Friday, August 21, 2020

Detachment a must to attain the goal of love

To attain this unattachment is almost a life-work, but as soon as we have reached this point, we have attained the goal of love and become free; the bondage of nature falls from us, and we see nature as she is; she forges no more chains for us; we stand entirely free and take not the results of work into consideration; who then cares for what the results may be?

Do you ask anything from your children in return for what you have given them? It is your duty to work for them, and there the matter ends. In whatever you do for a particular person, a city, or a state, assume the same attitude towards it as you have towards your children — expect nothing in return. If you can invariably take the position of a giver, in which everything given by you is a free offering to the world, without any thought of return, then will your work bring you no attachment. Attachment comes only where we expect a return. (I, 59)

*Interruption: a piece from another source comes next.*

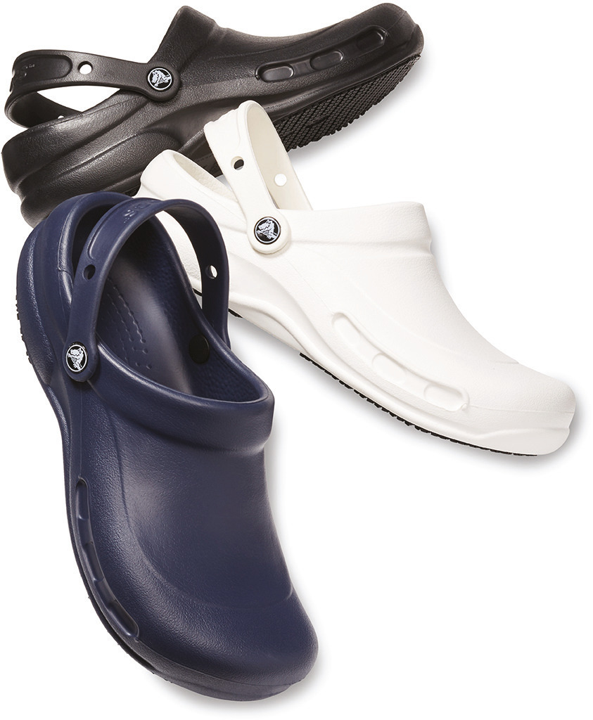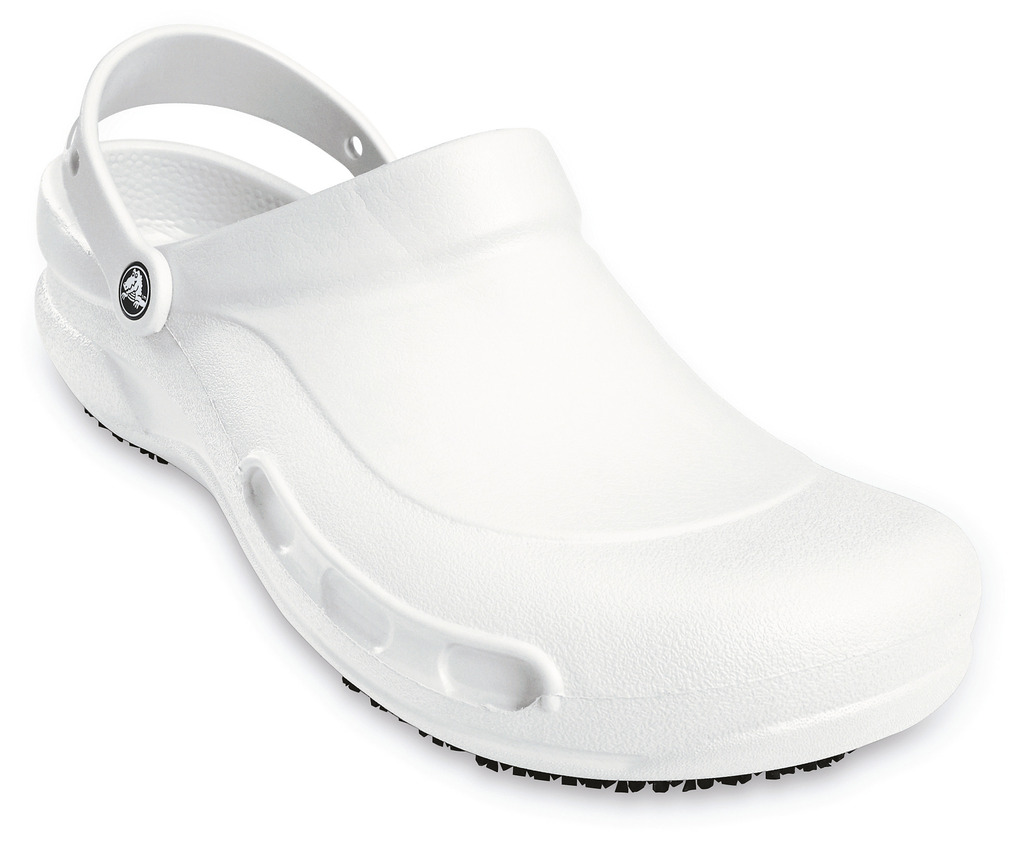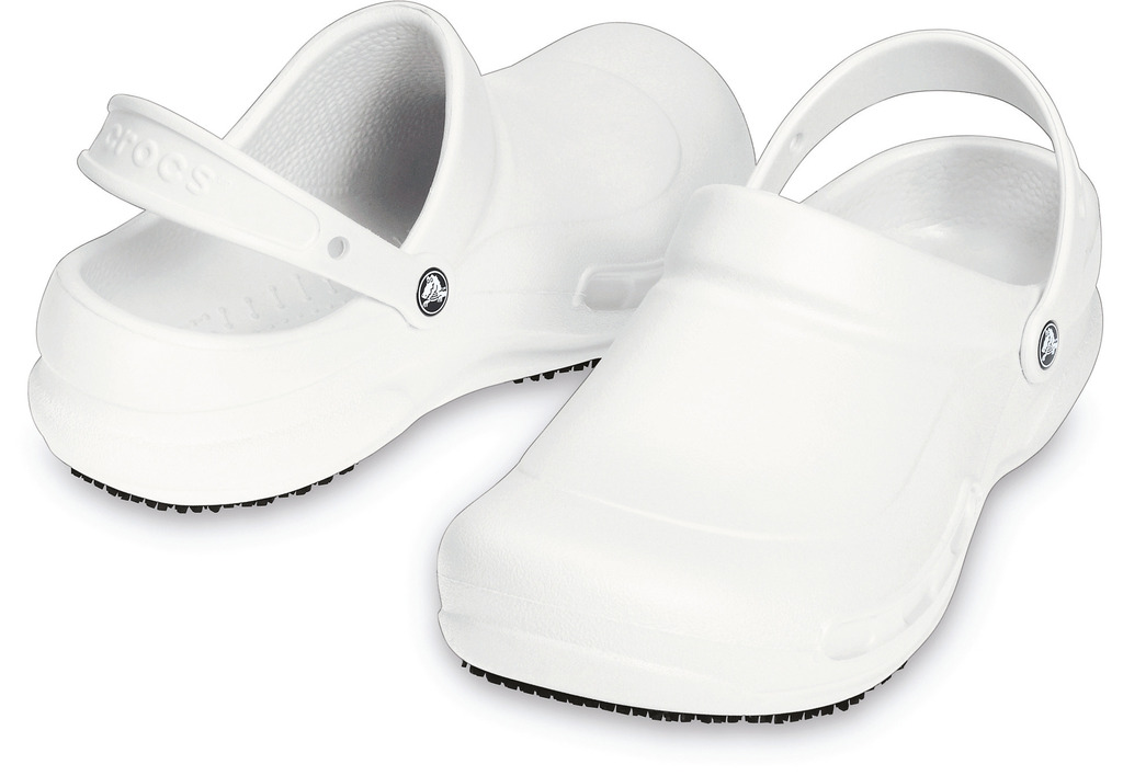 Socas confortáveis, destinados aos profissionais da restauração, da hotelaria e da saúde. Com o seu design antiderrapante e a protecção adicional ao nÃvel dos dedos dos pés, as socas Crocsâ„¢ Bistro oferecem tudo o que os seus pés necessitam no local de trabalho! Este modelo com sola antiderrapante Crocs Lockâ„¢ é perfeitamente ajustado em resina Crosliteâ„¢ para um conforto, uma leveza e uma durabilidade perfeitas. O conforto é reforçado através da palmilha que beneficia de uma forma especÃfica e de uma presilha no calcanhar Crosliteâ„¢ para um bom ajuste ao pé. Um design fechado à frente e uma zona do metatarso mais espessa protegem a parte superior do pé do derrame de lÃquidos. Limpeza fácil com água e sabão, secagem rápida. Certificação CE e testes efectuados de acordo com a norma ASTM F2913-11. Em conformidade com a norma EN ISO 20347:2012 OB SRC.

What binds us to work is our desire for the fruits of our actions. Anasakti yoga or yoga of detachment trains the mind to rid of this desire for result. Once it is removed, we learn to work for work’s sake and execute our work like a master and not as a slave. “In the world we find two things that affect the conduct of men; might and mercy. The exercise of might is invariably the exercise of selfishness ……. Mercy is heaven itself; to be good, we have all to be merciful,  even justice and right should stand on mercy.” These words of Swamiji must ring  in our ears as we go on working for oneself and others.